RECORDS:
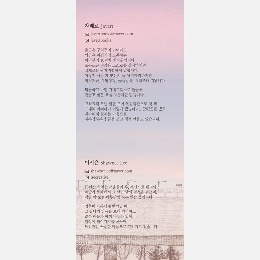 계속해서 설레는 마음으로 사부작사부작 글을 쓰고 책을 만들고 있습니다.
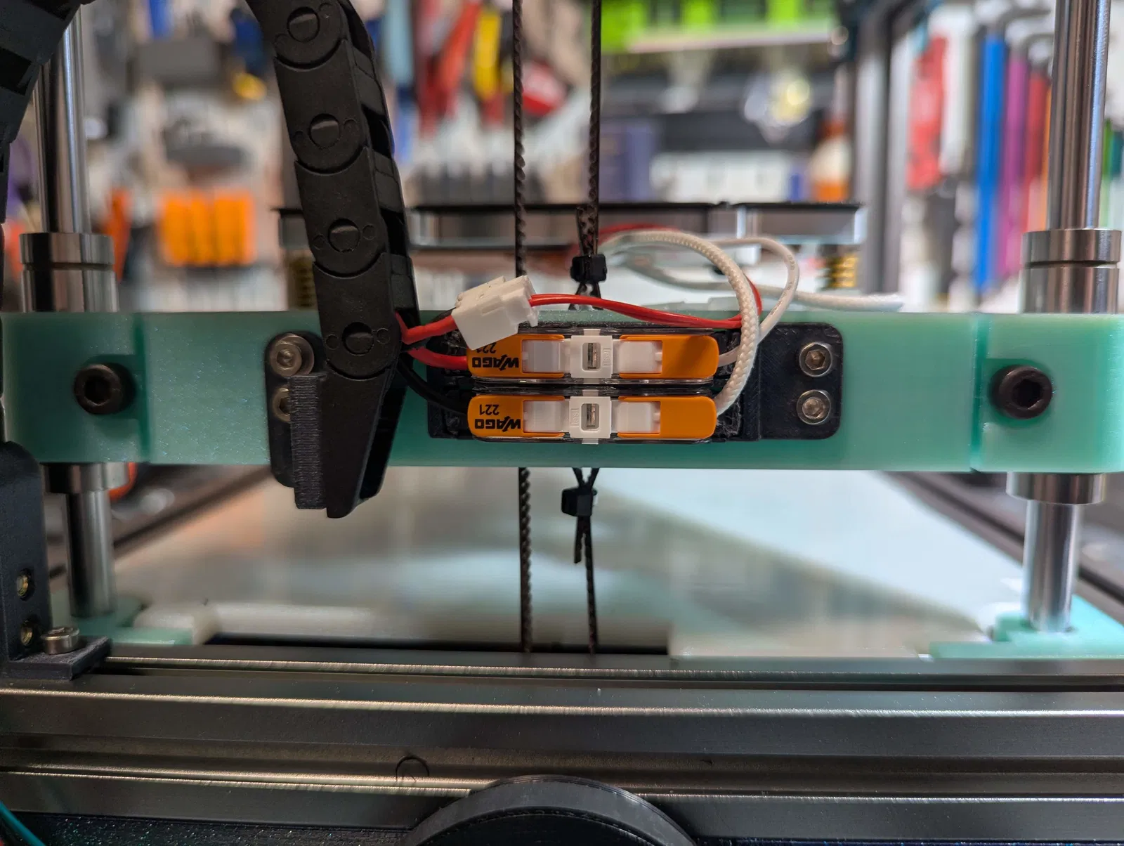 Nếu bạn chọn dùng ngàm Wago, chỉ cần gắn các wago connectors vào rồi bắt lên bed bằng 2 ốc M3X6.
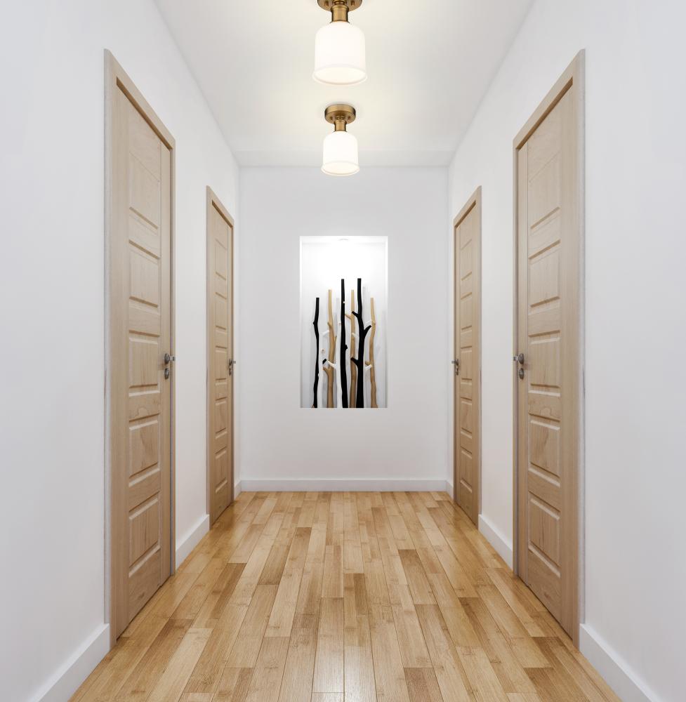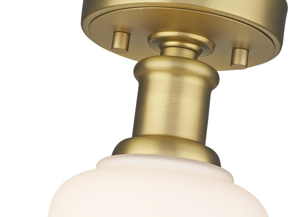 Add a touch of lighting or accent a tight space with this beautifully understated transitional flush mount, designed with a spectacular heritage brass finish plate and versatile gooseneck arm that invites you to rotate and hone in the interior as you wish. With industrial influences and elegant materials, this sophisticated single-light flush lends a sleek, refined expression to modern farmhouse homes with its versatility as well as its soothing glow, presented by a matte opal glass globe. Place this classically designed restoration style flush mount within an entryway foyer or down a hallway, elevating it into a more inviting space.
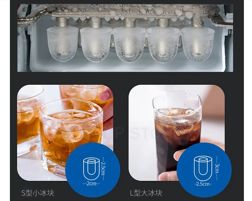 HICON 16kgs/24H Portable Automatic ice Maker, Household bullet round ice make machine for family, small bar,coffee shop
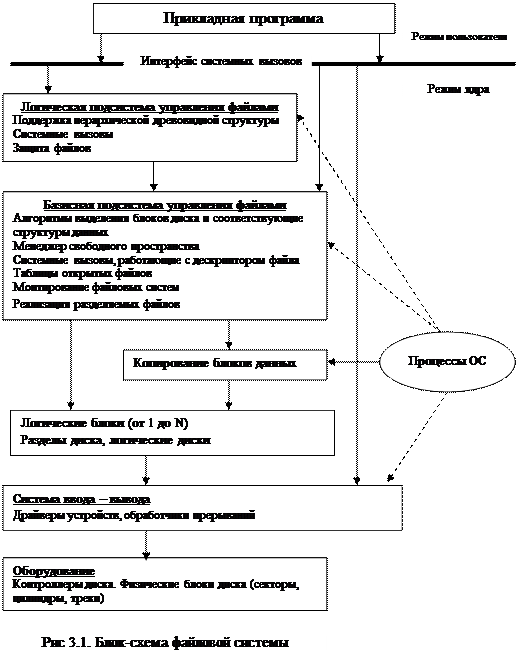 Вопросы для проверки 1. Объясните понятие раздел диска. 2. В чем смысл монтирования файловой системы? 3. Расскажите о некоторых операциях с каталогами. 4. Назовите типы защиты файлов. 5. Классификация пользователей для установления защиты. РЕАЛИЗАЦИЯ ФАЙЛОВОЙ СИСТЕМЫ Общая структура файловой системы Система хранения данных на дисках может быть структурирована следующим образом (см. рис. 3.1). Нижний уровень - оборудование. Это в первую очередь магнитные диски с подвижными головками - основные устройства внешней памяти. Магнитные диски представляют собой пакеты магнитных пластин (поверхностей), между которыми на одном рычаге двигается пакет магнитных головок. Шаг движения пакета головок является дискретным, и каждому положению пакета головок логически соответствует цилиндр магнитного диска. Цилиндры делятся на дорожки (треки). Каждая дорожка размечается на одно и то же количество блоков (секторов) таким образом, что в каждый блок можно записать по максимуму одно и то же число байтов. Для обмена с магнитным диском на уровне аппаратуры нужно указать: - номер цилиндра, - номер поверхности, - номер блока на соответствующей дорожке - число байтов, которое нужно записать или прочитать от начала этого блока. Таким образом, диски могут быть разбиты на блоки фиксированного размера и можно непосредственно получить доступ к любому блоку (организовать прямой доступ к файлам). Непосредственно с устройствами (дисками) взаимодействует часть ОС, называемая системой ввода-вывода. Система ввода-вывода предоставляет в распоряжение файловой системы - используемое дисковое пространство в виде непрерывной последовательности блоков фиксированного размера. Система ввода-вывода имеет дело с физическими блоками диска, которые характеризуются адресом, например диск 2, цилиндр 75, сектор 11. Файловая система имеет дело с логическими блоками, каждый из которых имеет номер (от 0 или 1 до N). Размер логических блоков файла совпадает или является кратным размеру физического блока диска и может быть задан равным размеру страницы виртуальной памяти, поддерживаемой аппаратурой компьютера совместно с операционной системой. В структуре системы управления файлами можно выделить базисную подсистему, которая отвечает за выделение дискового пространства конкретным файлам, и более высокоуровневую логическую подсистему, которая использует структуру дерева директорий для предоставления модулю базисной подсистемы необходимой ей информации, исходя из символического имени файла. Она также ответственна за авторизацию доступа к файлам. Стандартный запрос на открытие (open) или создание (create) файла поступает от прикладной программы к логической подсистеме. Логическая подсистема, используя структуру директорий, проверяет права доступа и вызывает базовую подсистему для получения доступа к блокам файла. После этого файл считается открытым, он содержится в таблице открытых файлов, и прикладная программа получает в свое распоряжение дескриптор (или handle в системах Microsoft) этого файла. Дескриптор файла является ссылкой на файл в таблице открытых файлов и используется в запросах прикладной программы на чтение-запись из этого файла. Запись в таблице открытых файлов указывает через систему выделения блоков диска на блоки данного файла. Если к моменту открытия файл уже испо
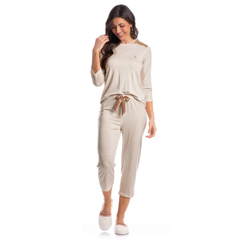 Pijama Feminino Capri Ivone é elegância para os melhores momentos! Sua blusa possui modelagem ampla e confortável, com mangas longas, decote redondo debruado em viés e bordado contratante logo flor Daniela Tombini na lateral esquerda. Detalhe para a linda renda aplicada no ombro. Sua calça possui comprimento capri com elástico macio garantindo muito conforto e um delicado laço de cetim aplicado no cós da peça proporcionando ainda mais charme. A escolha perfeita para você aproveitar suas noites com muito estilo!
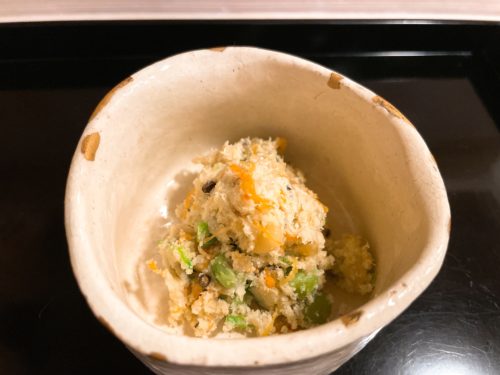 苧実(おのみ)という実やあさり、松の実、たけのこ、にんじん、うすい豆といろいろ入っていました!
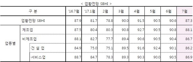 중소기업중앙회(회장 박성택)가 지난 6월 19일부터 6월 26일까지 3,150개 중소기업을 대상으로 ‘2017년 7월 중소기업경기전망조사’를 실시한 결과, 업황전망 중소기업건강도지수(SBHI)는 87.3으로 전월(90.6)대비 3.3p 하락한 것으로 조사되었다. 소비심리는 점차 개선되고 있으나 중소기업의 실적부진이 지속되고 있고, 건설업 등 일부 업종은 계절적 비수기를 맞이하여 향후 경기를 부정적으로 전망한 것으로 분석된다.
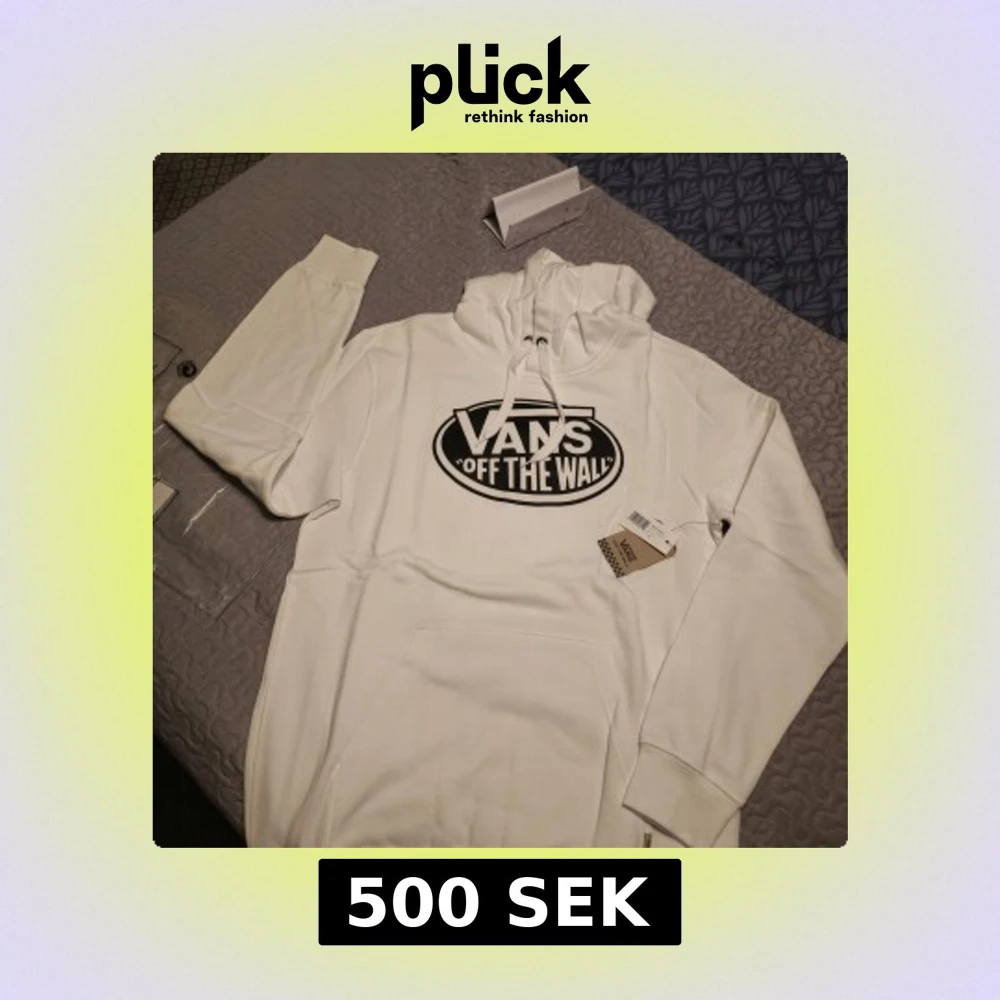 Säljer en snygg vit hoodie från Vans med det klassiska 'Off The Wall' trycket i svart på bröstet. Hoodien har en justerbar huva med snören och en stor magficka framtill. Perfekt för en avslappnad stil!
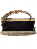 The top handle is intentionally engineered as the product’s main identifier. A multi-rod brass structure is combined with cascading leaf detailing on one side, creating a sculptural profile that photographs strongly and reads clearly on shelves, in catalogues, and in curated eventwear assortments.
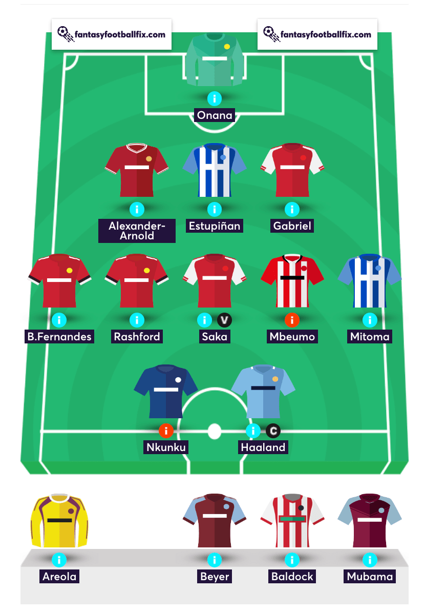 Up top and you won’t be surprised to see Erling Haaland (£14.0m) with the captain’s armband. Haaland is in every single one of our Elite XI managers’ squads despite his price hike. At 86.8% owned, you would be a brave – or [insert a less-flattering term here] – FPL manager to go against him!
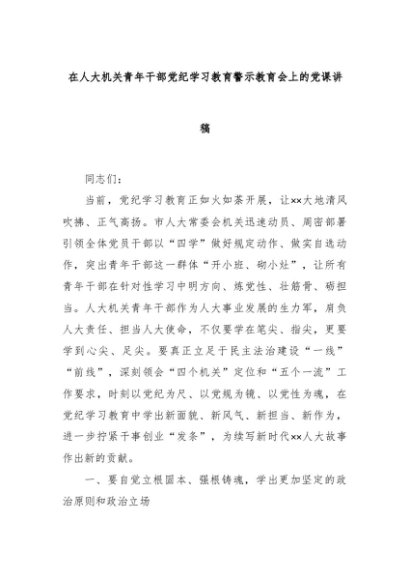 【七哥公文】2024年:在人大机关青年干部党纪学习教育警示教育会上的党课讲稿+更多免费公文+VX:QiGeGongWen2024
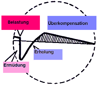 Mit der Überkompensation betreibt der Organismus also eine Art "Vorratswirtschaft" , indem er sich auf ein höheres Leistungsniveau entwickelt, von dem aus zukünftige Belastungen ökonomischer zu bewältigen sind.
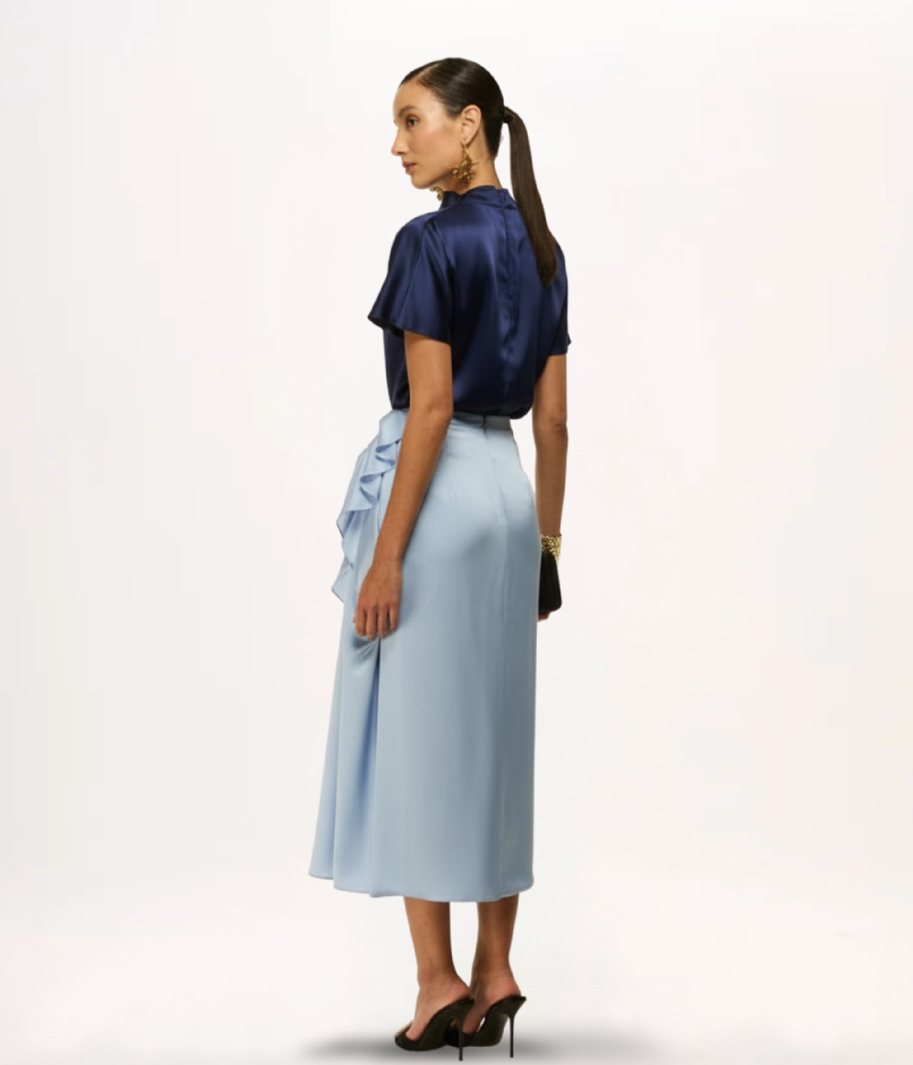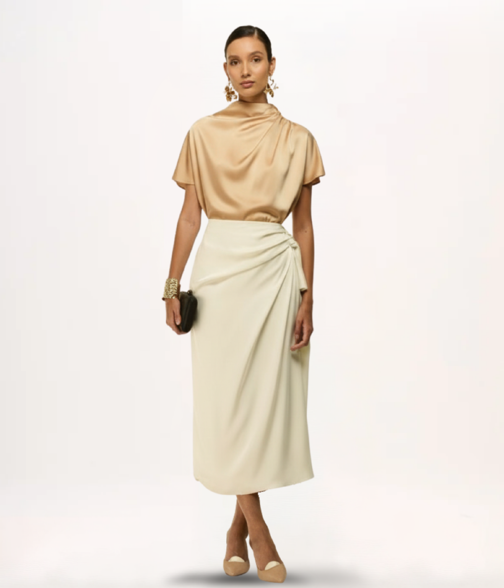 • Confeccionada em cetim, a blusa oferece um caimento leve e um brilho sutil, elevando o visual com elegância.
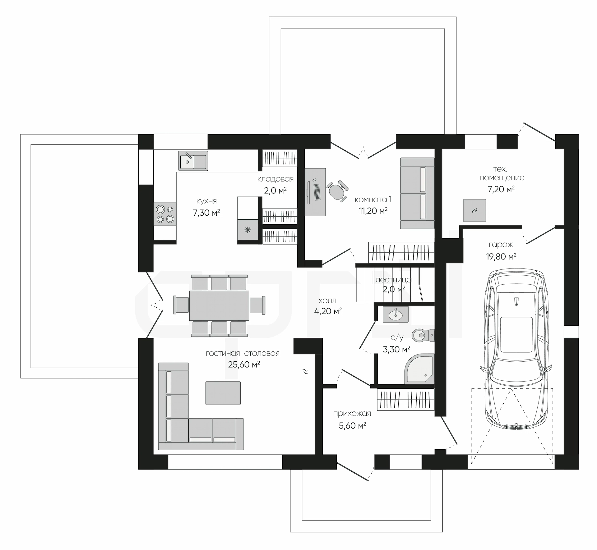 Дома 1 этаж с гаражом и террасой
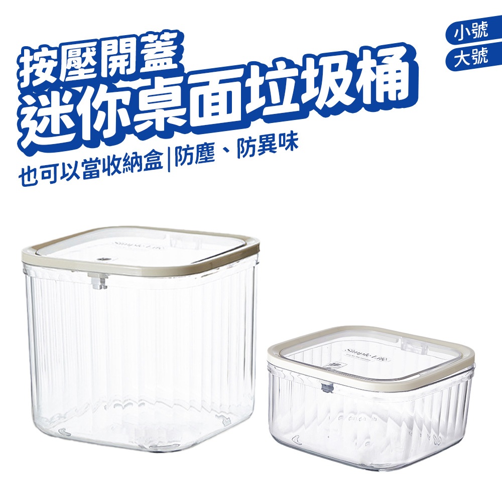 桌面垃圾桶 迷你桌面垃圾桶 彈蓋垃圾桶 小垃圾桶 按壓垃圾桶 收納盒 迷你垃圾桶透明白/ 小|透明白/ 大Trash & Recycling BinsDA量販店

TASK OBJECTIVE:
Write out exactly the opening lines of the data, stopping after the line that holds "HICON 16kgs/24H Portable". Exclude pictures.

SOLVED PROBLEM:
 계속해서 설레는 마음으로 사부작사부작 글을 쓰고 책을 만들고 있습니다.
 Nếu bạn chọn dùng ngàm Wago, chỉ cần gắn các wago connectors vào rồi bắt lên bed bằng 2 ốc M3X6.
 Add a touch of lighting or accent a tight space with this beautifully understated transitional flush mount, designed with a spectacular heritage brass finish plate and versatile gooseneck arm that invites you to rotate and hone in the interior as you wish. With industrial influences and elegant materials, this sophisticated single-light flush lends a sleek, refined expression to modern farmhouse homes with its versatility as well as its soothing glow, presented by a matte opal glass globe. Place this classically designed restoration style flush mount within an entryway foyer or down a hallway, elevating it into a more inviting space.
 HICON 16kgs/24H Portable Automatic ice Maker, Household bullet round ice make machine for family, small bar,coffee shop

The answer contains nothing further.